1. This project uses the [uv](https://docs.astral.sh/uv/) package manager. Follow the installation instructions for your platform [here](https://docs.astral.sh/uv/getting-started/installation/).

2. Configure environment variables:
    - Create a `.env` file based on `.env.example`
    - Add your API keys:

    ```txt
    HUME_API_KEY=YOUR_HUME_API_KEY
    ANTHROPIC_API_KEY=YOUR_ANTHROPIC_API_KEY
    ELEVENLABS_API_KEY=YOUR_ELEVENLABS_API_KEY
    ```

3. Run the application:

    Standard
    ```sh
    uv run python -m src.main
    ```

    With hot-reloading
    ```sh
    uv run watchfiles "python -m src.main" src
    ```

4. Test the application by navigating to the the localhost URL in your browser (e.g. `localhost:7860` or `http://127.0.0.1:7860`)

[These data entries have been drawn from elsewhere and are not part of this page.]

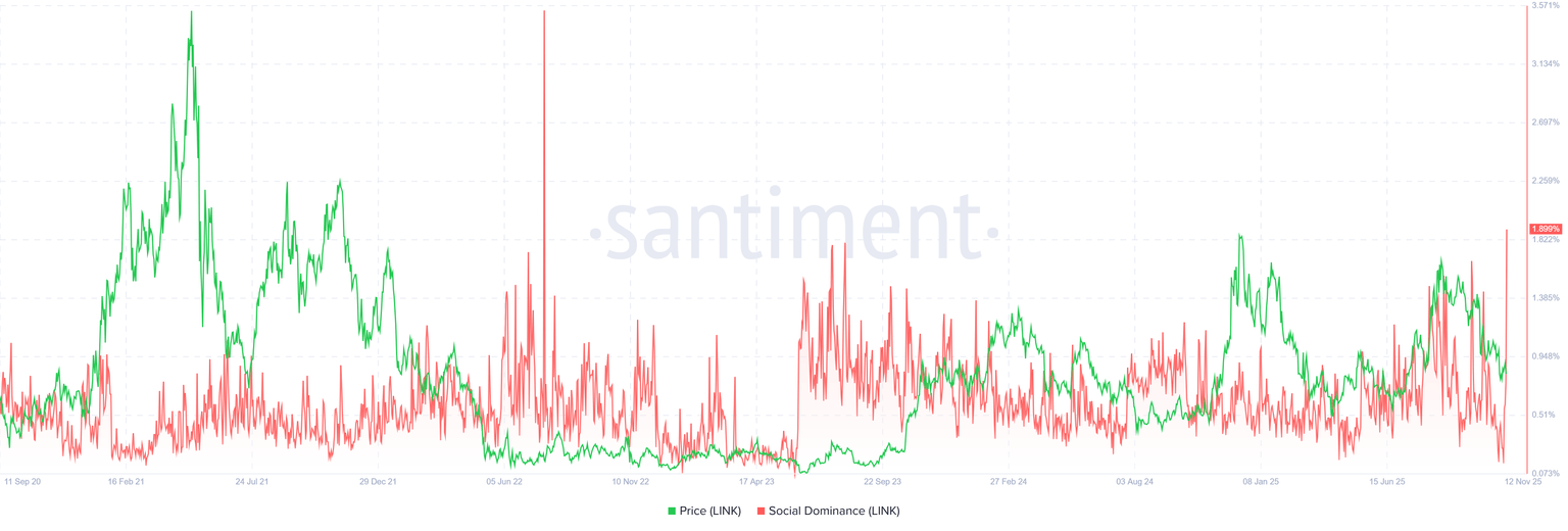Santiment 的 Chainlink 社交主导度指标支持看涨观点。该指数衡量的是与 LINK 相关的讨论在各大平台上的占比。加密货币媒体报道称,Chainlink 的股价已从周六的 0.15% 上涨至周三的 1.89%,创下自 2022 年 7 月以来的最高水平。这一增长表明投资者对 Chainlink 的兴趣日益浓厚,社区参与度也显著提高。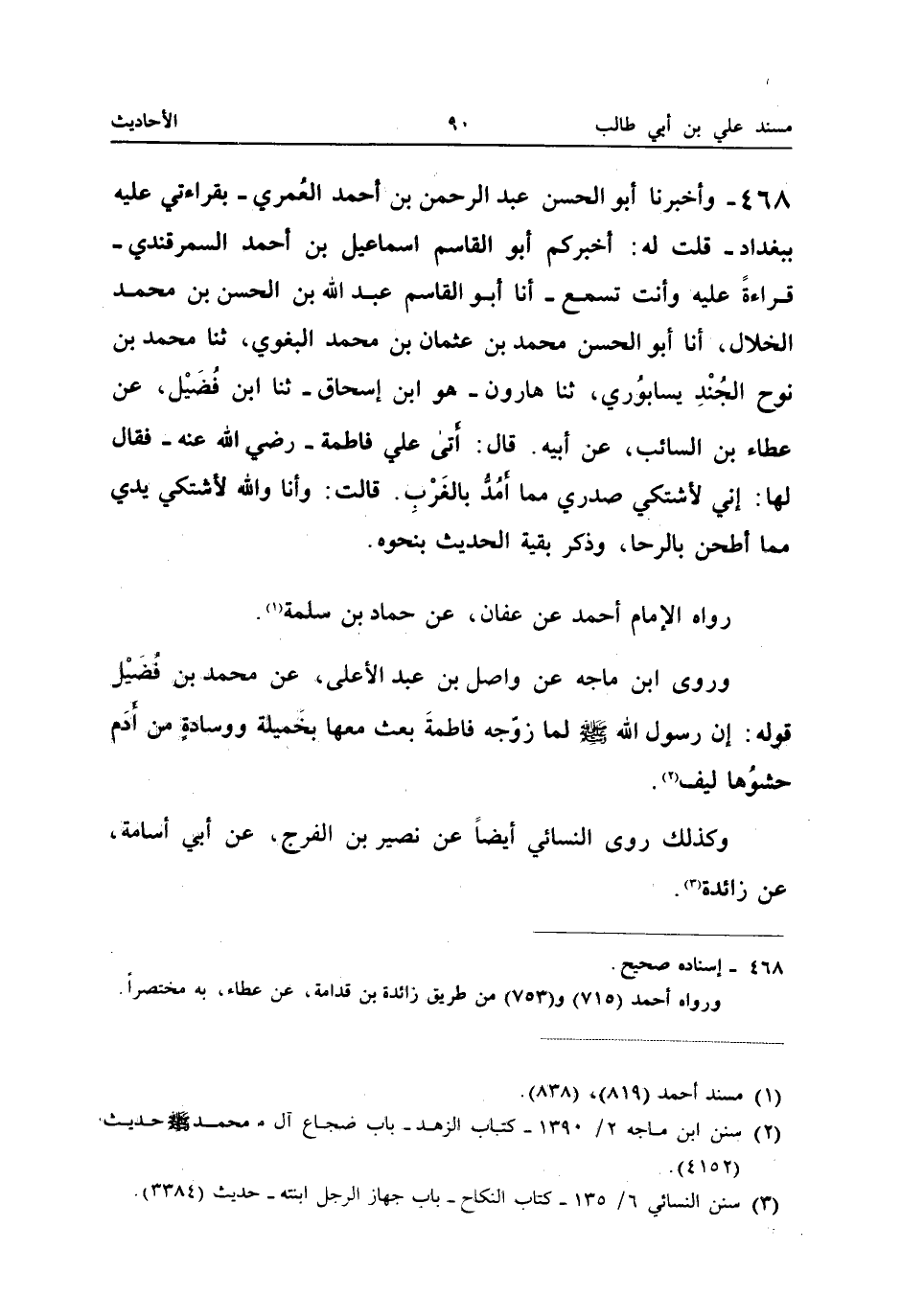 ٤٦٨ - وَأَخْبَرَنَا أَبُو الْحَسَنِ عَبْدُ الرَّحْمَنِ بْنُ أَحْمَدَ الْعُمَرِيُّ - بِقِرَاءَتِي عَلَيْهِ بِبَغْدَادَ - قُلْتُ لَهُ: أَخْبَرَكُمْ أَبُو الْقَاسِمِ إِسْمَاعِيلُ بْنُ أَحْمَدَ السَّمَرْقَنْدِيُّ - قِرَاءَةً عَلَيْهِ وَأَنْتَ تَسْمَعُ - أَنَا أَبُو الْقَاسِمِ عَبْدُ اللهِ بْنُ الْحَسَنِ بْنِ مُحَمَّدٍ الْخَلَّالُ، أَنَا أَبُو الْحَسَنِ مُحَمَّدُ بْنُ عُثْمَانَ بْنِ مُحَمَّدٍ الْبَغَوِيُّ (١)، ثَنَا مُحَمَّدُ بْنُ نُوحٍ الْجُنْدَيْسَابُورِيُّ، ثَنَا هَارُونُ - هُوَ ابْنُ إِسْحَاقَ - ثَنَا ابْنُ فُضَيْلٍ، عَنْ عَطَاءِ بْنِ السَّائِبِ، عَنْ أَبِيهِ قَالَ: «أَتَى عَلِيٌّ فَاطِمَةَ -رَضِيَ اللهُ عَنْهُ - فَقَالَ لَهَا: إِنِّي لَأَشْتَكِيَ صَدْرِي مِمَّا أَمُدُّ بِالْغَرْبِ، قَالَتْ: وَأَنَا وَاللهِ لَأَشْتَكِيَ يَدِي مِمَّا أَطْحَنُ بِالرَّحَا»، وَذَكَرَ بَقِيَّةَ الْحَدِيثِ بِنَحْوِهِ.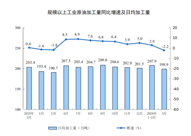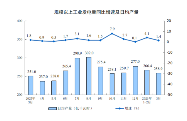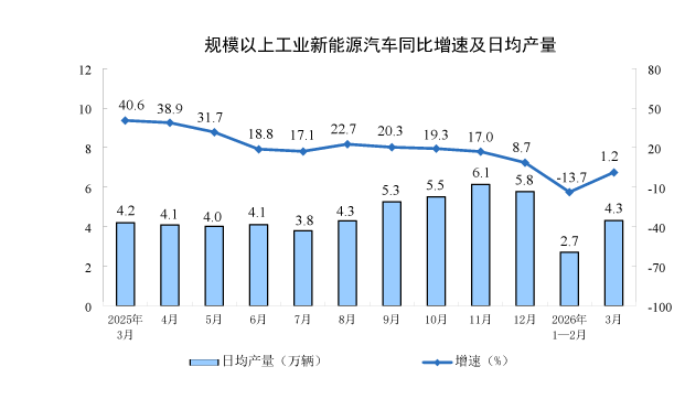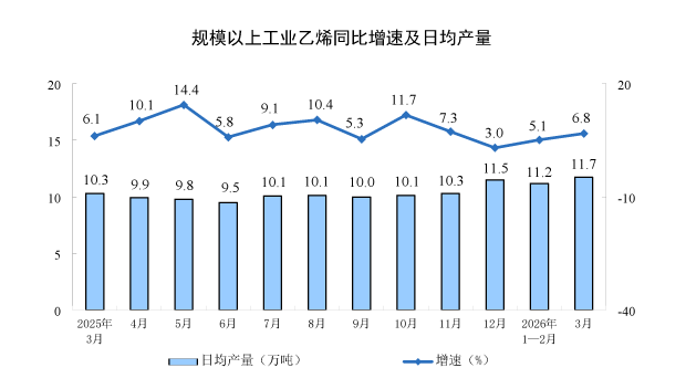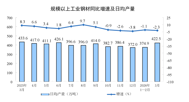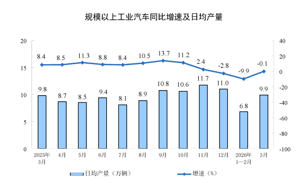 分产品看,3月份,规模以上工业626种产品中有329种产品产量同比增长。其中,钢材13098万吨,同比下降2.3%;水泥12310万吨,下降21.0%;十种有色金属707万吨,增长2.2%;乙烯364万吨,增长6.8%;汽车306.7万辆,下降0.1%,其中新能源汽车133.6万辆,增长1.2%;发电量8025亿千瓦时,增长1.4%;原油加工量6167万吨,下降2.2%。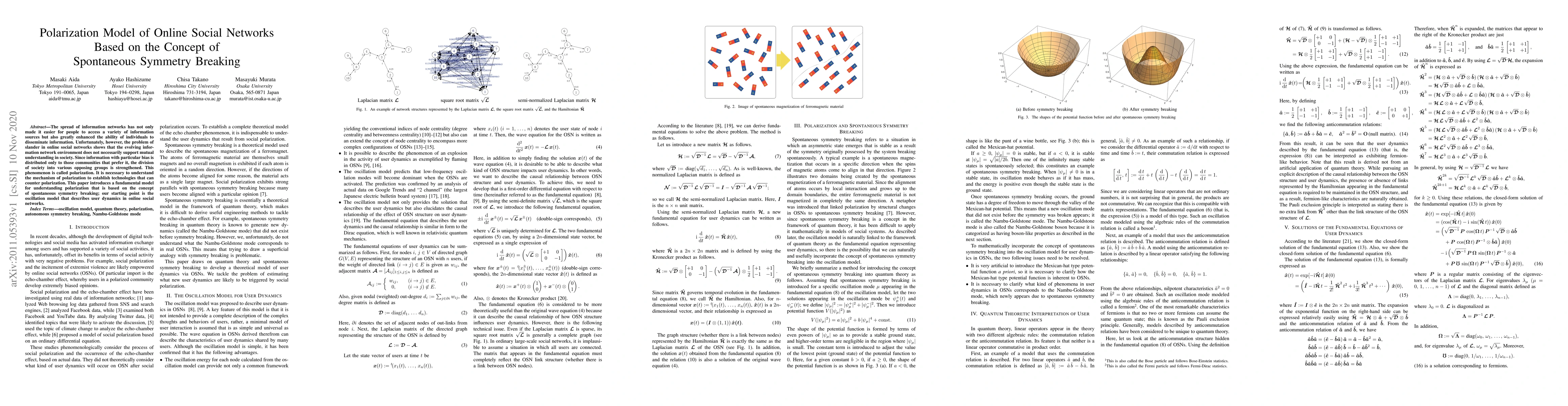 The spread of information networks has not only made it easier for people to access a variety of information sources but also greatly enhanced the ability of individuals to disseminate information. Unfortunately, however, the problem of slander in online social networks shows that the evolving information network environment does not necessarily support mutual understanding in society. Since information with particular bias is distributed only to those communities that prefer it, the division of society into various opposing groups is strengthened. This phenomenon is called polarization. It is necessary to understand the mechanism of polarization to establish technologies that can counter polarization. This paper introduces a fundamental model for understanding polarization that is based on the concept of spontaneous symmetry breaking; our starting point is the oscillation model that describes user dynamics in online social networks.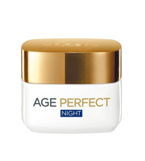 Noční omlazující krém L’Oréal Paris Age Perfect rozjasní kontury vašeho obličeje a obnoví elasticitu pleti. Krém dodává zralé pleti potřebné množství kalcia a chrání ji před UV zářením. Účinné složení zároveň podporuje buněčnou aktivitu a podporuje elasticitu pleti. Díky pravidelnému používání krému Age Perfect získá vaše pleť pevnější strukturu, hutnost a mladistvý jas. Lze používat nejen na obličej, ale také na krk a dekolt. Noční omlazující krém L’Oréal Paris Age Perfect je vhodný pro ženy nad 50 let.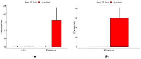Viral loads in in honeybees of highly infested and control hives over time: (a) ABPV loads (copies/actin); (b) IAPV loads (copies/actin). Infested hives Nos. 522 and 505 showed a high ratio of viral copies in September for both ABPV and IAPV. A significant difference (*, p < 0.05, t-test) between studied groups was seen for IAPV.
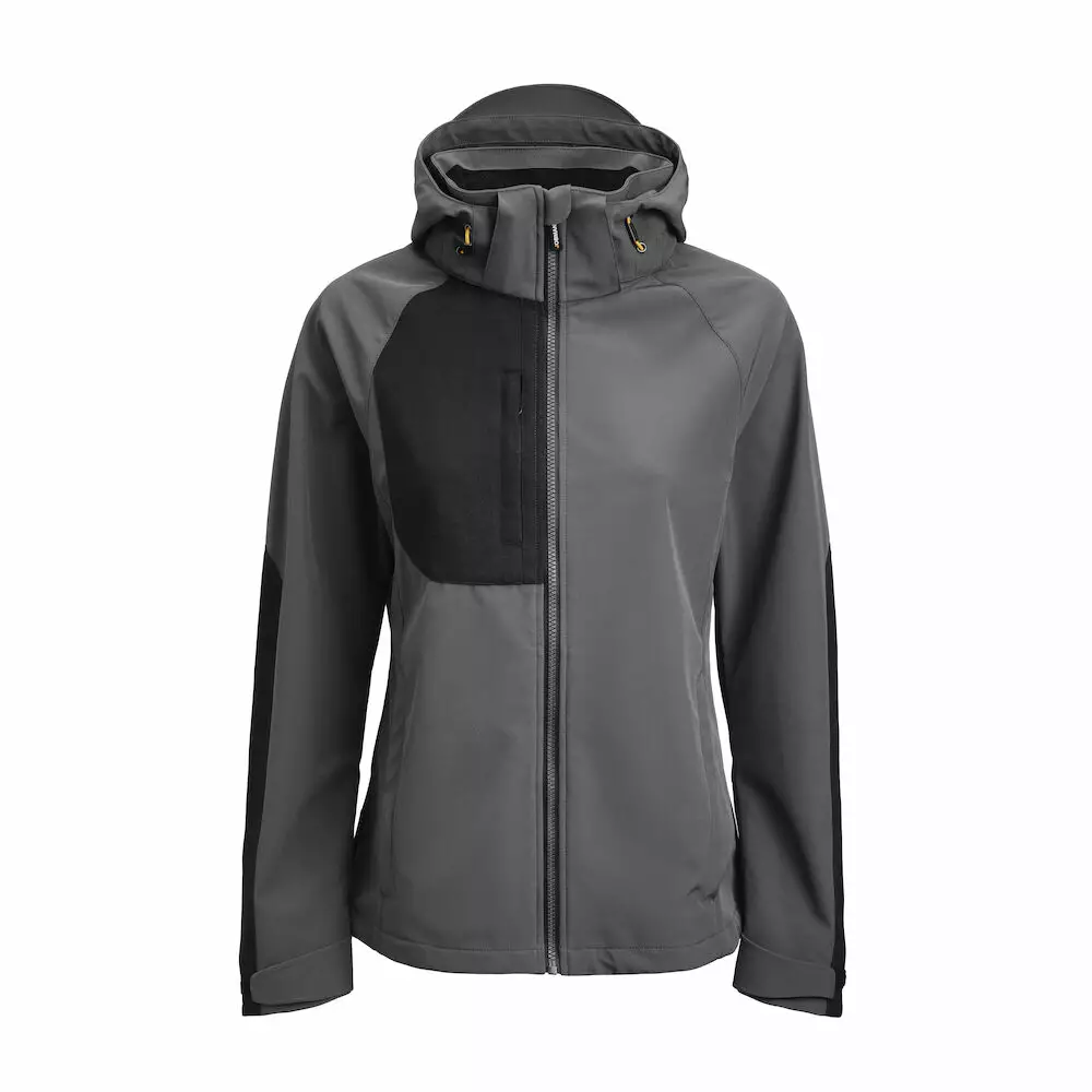 Naisten softshell-takki, jossa vahvistettua materiaalia / kontrastivärit hihoissa ja rintataskussa. Irrotettava huppu, joustava kiristysnauha. Vetoketjulliset etu- ja rintatasku edessä yläoikealla. Sisäpuolen "birdeye-trikoota" siirtää hyvin kosteutta. Vetoketju edessä ja delrintyyppinen vettähylkivä vetoketjuteippaus. Takkia voidaan säätää alhaalla olevalla kiristysnauhalla. Taivutetut hihat. Tarranauhoin säädettävät hihansuut.

5. (Optional) If contributing, install pre-commit hook for automatic linting, formatting, and type-checking:
    ```sh
    uv run pre-commit install
    ```

## User Flow

1. Select a sample character, or input a custom character description and click **"Generate Text"**, to generate your text input.
2. Click the **"Synthesize Speech"** button to synthesize two TTS outputs based on your text and character description.
3. Listen to both audio samples to compare their expressiveness.
4. Vote for the most expressive result by clicking either **"Select Option A"** or **"Select Option B"**.

## License

This project is licensed under the MIT License - see the [LICENSE.txt](LICENSE.txt) file for details.